La scuola di Atene

La scuola di Atene

DIDATTICA E TECNOLOGIA

"Al fondo di molte delle iniziative ministeriali pare esserci la convinzione che le tecnologie siano portatrici di innovazione di per sé. Introduciamo in classe un tablet per ogni studente, una lavagna interattiva, delle risorse digitali, una connessione che permetta di accedere ad altre risorse open e magari a qualche forma di socialità di rete, ed ecco che la scuola si rinnova: l’importante è ridurre il ritardo rispetto al mondo circostante. Su temi così delicati, io credo che sarebbe lecito attendersi maggiore lucidità. Se si assolutizza il concetto della rispondenza tra fuori e dentro, la scuola a rigore serve a poco, perché non c’è niente di più allineato al mondo esterno del mondo stesso. Se invece la scuola deve continuare ad essere quel luogo “altro” nel quale accade qualcosa che ha a che fare con la didattica, allora non le si può chiedere, rispetto alle tecnologie, di arrendersi senza condizioni. L’introduzione di strumenti e tecnologie digitali in classe è auspicabile, ma bisogna essere in grado di mettere in gerarchia gli obiettivi e avere consapevolezza del contesto di riferimento.

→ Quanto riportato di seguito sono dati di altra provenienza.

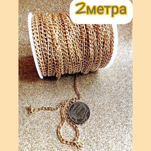 Цепь для бижутерии под золото 2 метра , цепочка для сумок, фурнитуры и украшений, звено 7мм*5мм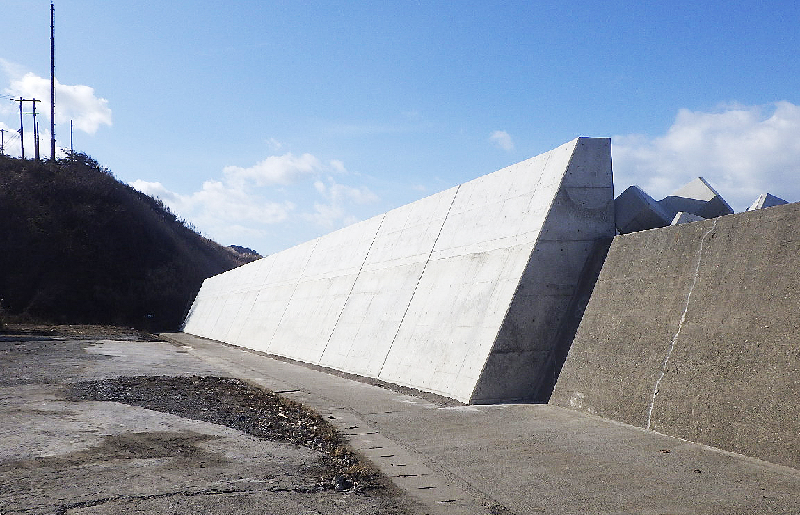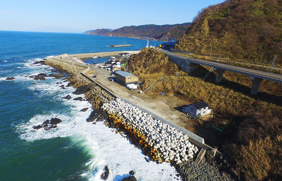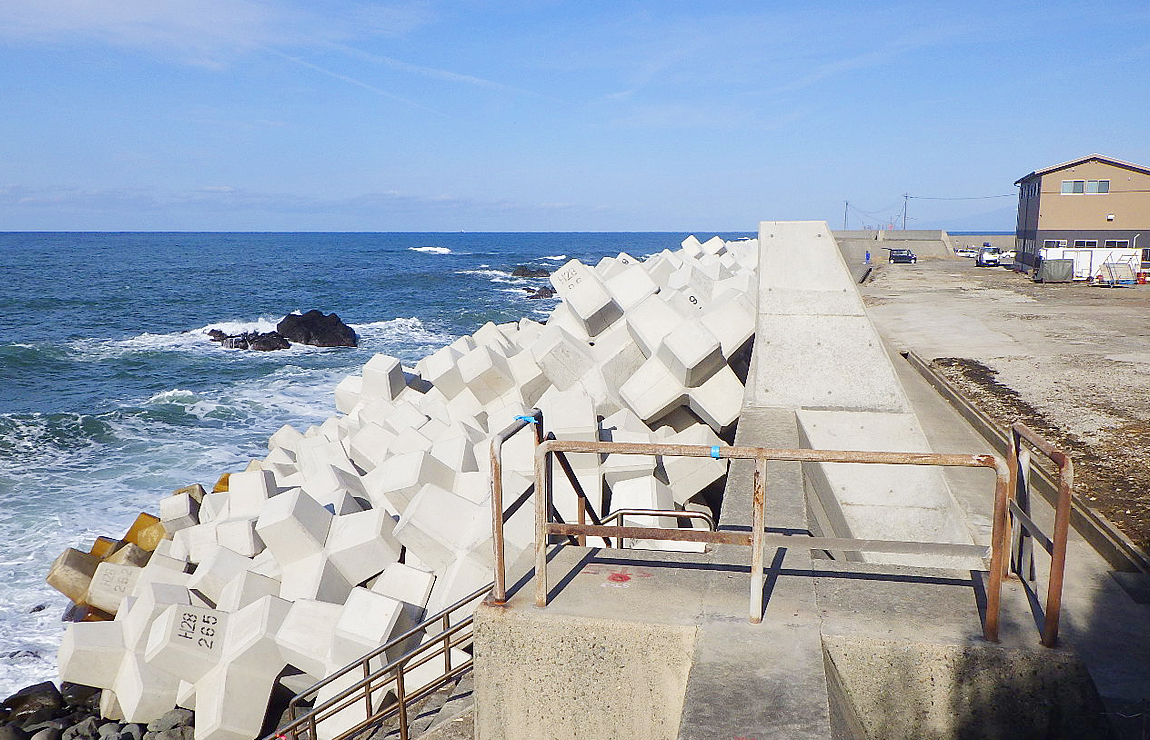 堅苔沢漁港の海岸護岸の嵩上げと、消波ブロックの据え直し及び新規据え付けを行いました。
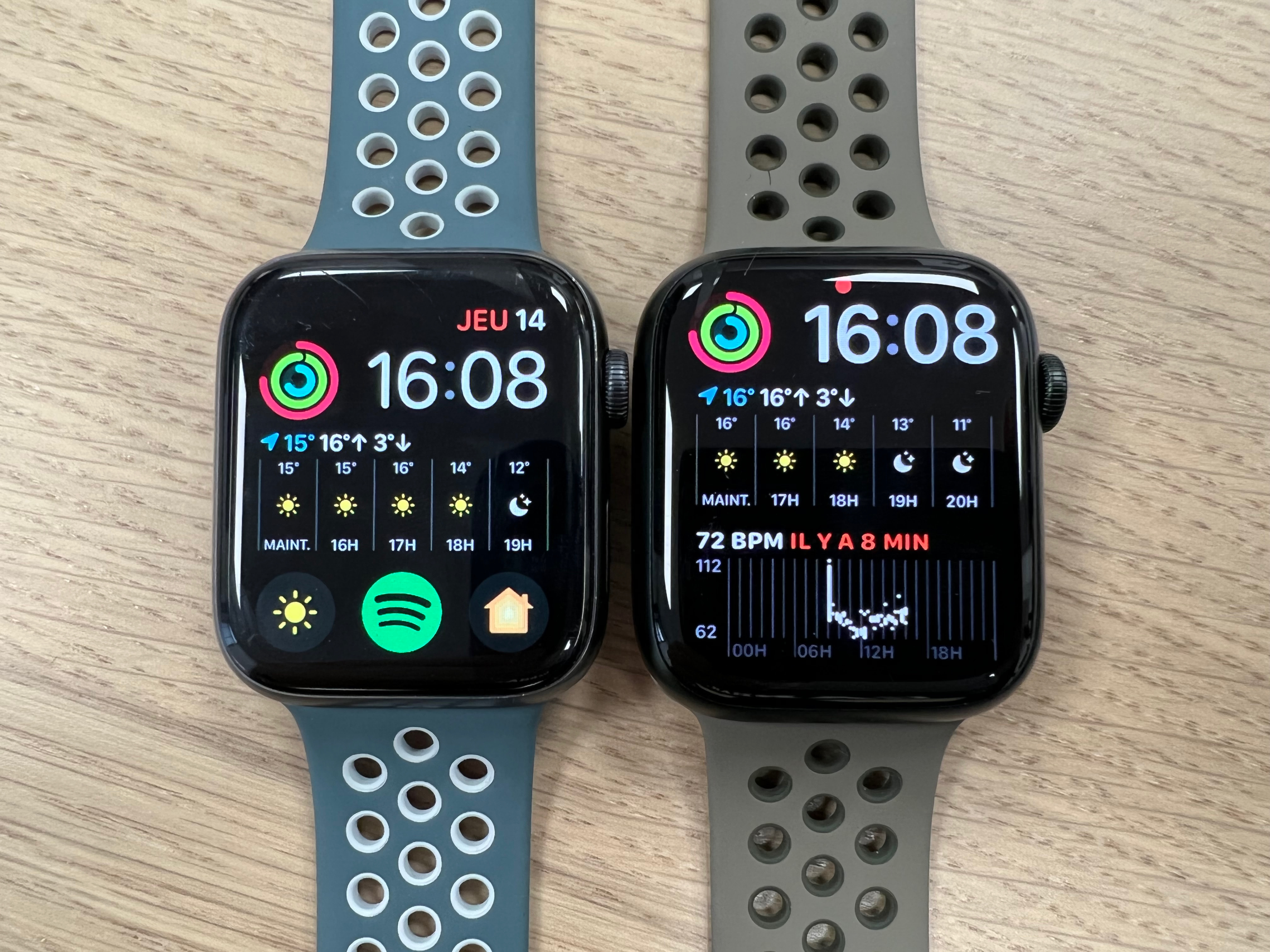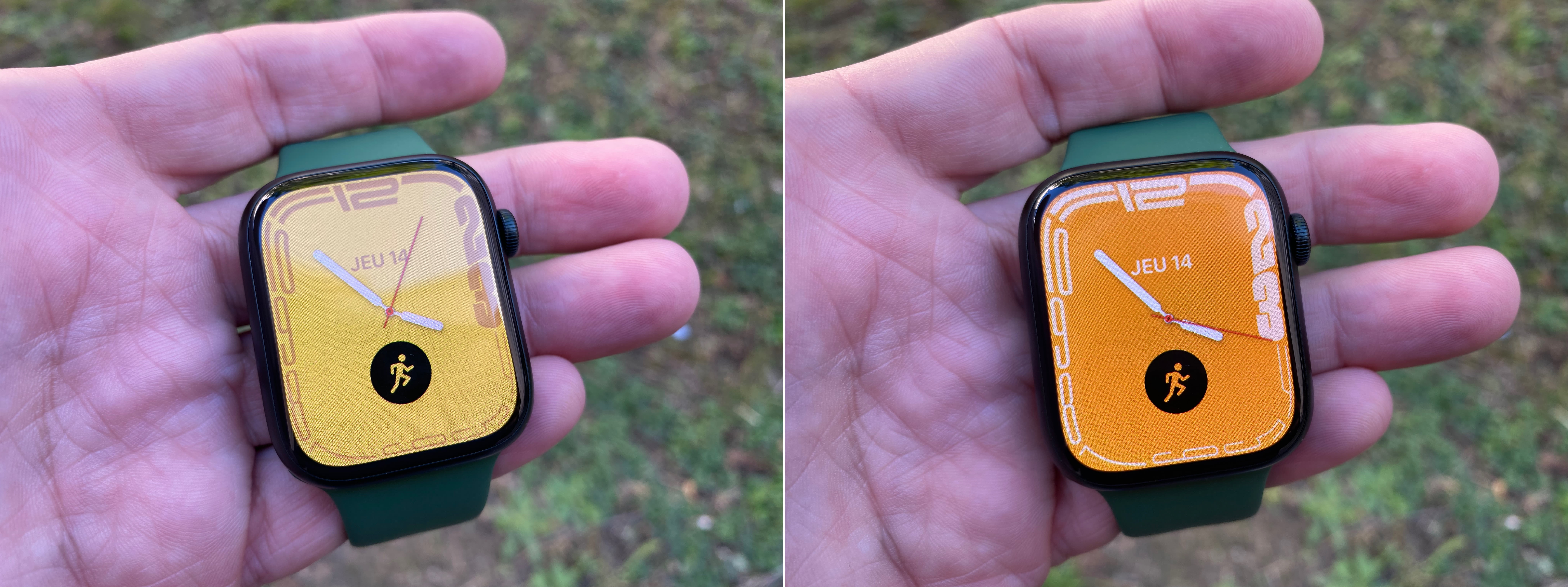 The Series 4, with its new size of 44mm, gave the impression of an object that had become more “imposing” on the wrist (all things considered). This feeling could manifest itself again when you strap in your Series 7 as a replacement for another generation. And on the screen, even if the size difference remains contained, the dials we used to seem to have gone under a magnifying glass, as if we had activated an accessibility function.

L’ingresso del digitale, come di tutto il resto, deve essere subordinato a un progetto, al fondo del quale ci sarà la trasmissione e preservazione del paradigma culturale che ci rende quello che siamo (una tradizione, dunque), e anche, è lecito sperarlo, l’educazione a un dialogo critico con la tradizione e col mondo. Questo soprattutto se si intende il digitale in funzione non solo strumentale (e già sarebbe un obiettivo nobile e ambizioso), ma come leva per il rinnovamento dei metodi di insegnamento: un’altra, come si è detto, delle motivazioni a cui viene legata l’introduzione del digitale a scuola. È banale ma forse non inutile ripetere che l’innovazione nella didattica ha una curva diversa rispetto all’innovazione nella tecnologia. Si possono usare strumenti vecchi per fare cose nuove, e strumenti nuovi per fare cose vecchie. Proporre all’insegnante un testo in pdf da stampare o leggerlo su un eBook reader, mettere un test a risposta multipla sull’iPad o introdurre lo stesso contenuto in forma di gioco multimediale non significa necessariamente innovare la didattica. Ma un foglio e una penna sono sufficienti per impostare in classe un sofisticato modello di Problem based learning. Purtroppo oggi è più frequente il caso in cui la tecnologia, lasciata in mano ai tecnologi e non presidiata (o solo subita) dai didatti, contribuisce a reintrodurre in classe metodologie vecchie capziosamente rivestite di un’innovazione solo formale, modelli obsoleti di derivazione comportamentista, dinamiche biunivoche di insegnamento/apprendimento, la concezione di un sapere chiuso, nozionistico, non problematico."(D. Baldi, Doppiozero.com)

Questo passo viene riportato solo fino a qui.